Scientific classification
- Kingdom: Plantae
- Clade: Tracheophytes
- Clade: Angiosperms
- Clade: Eudicots
- Clade: Asterids
- Order: Lamiales
- Family: Oleaceae
- Genus: Fraxinus
- Section: Fraxinus sect. Melioides
- Species: F. caroliniana
- Binomial name: Fraxinus caroliniana Mill.

= Fraxinus caroliniana =

- Genus: Fraxinus
- Species: caroliniana
- Authority: Mill.
- Conservation status: EN

Species of ash

Fraxinus caroliniana, the pop ash, Florida ash, swamp ash, Carolina ash, or water ash, is a species of ash tree native to fhe Southeastern United States from southern Virginia to Texas. It was originally described by the botanist Philip Miller. It is a small tree about 40 ft tall. It has compound leaves, with ovate, coarsely serrated leaflets 3–6 in long and 2–3 in wide arranged oppositely.
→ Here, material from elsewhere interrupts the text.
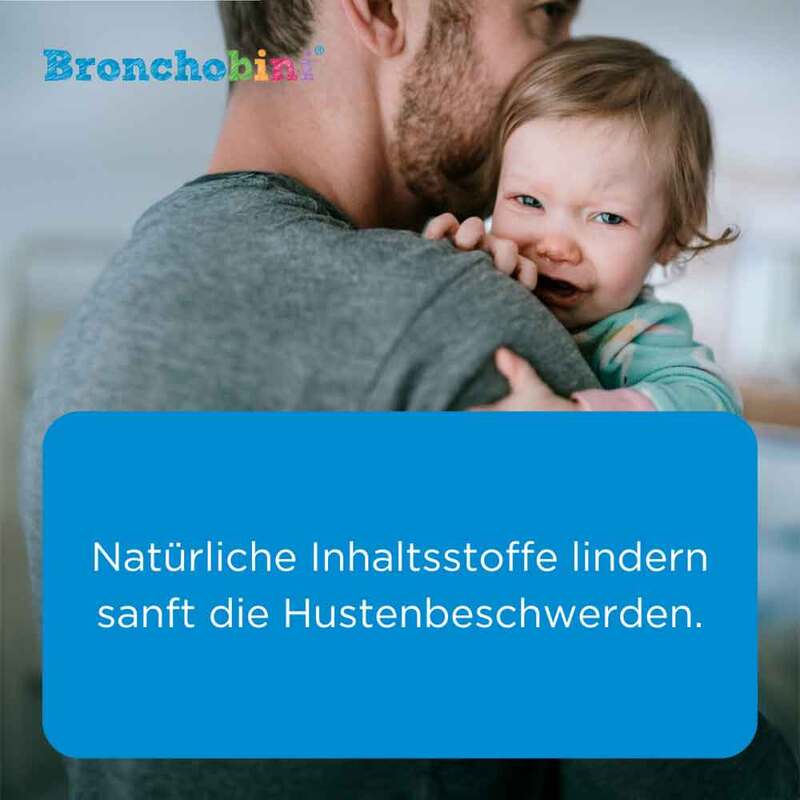 Bis zu 10-mal pro Jahr ein grippaler Infekt: Bei Kindern ist das in den ersten Lebensjahren leider normal. Denn Babys kommen mit einem unausgereiften Immunsystem zur Welt – ihre Abwehrkräfte müssen erst noch trainiert werden. Und auch vom Kleinkind- bis Grundschulalter gilt: Wenn die Kleinen von Husten und Erkältungsbeschwerden geplagt werden, ist schnelle und sanfte Hilfe gefragt. Bronchobini® lindert Erkältungsbeschwerden, die durch Entzündungen der Atemwege entstehen, und unterstützt die Besserung typischer Symptome wie Reiz- und Krampfhusten – auch bei Kleinkindern und Babys ab 6 Monaten.

The fruit is frequently a 3-winged samara with a flat seed portion, and a bright violet color. It is the smallest of eastern North American ash species. The wood is light and fairly soft. It is typically found in coastal swamps and subtropical lowlands. Fraxinus caroliniana is dioecious, with male and female flowers produced on separate individuals.

The tree is threatened by the emerald ash borer, an invasive species of beetle.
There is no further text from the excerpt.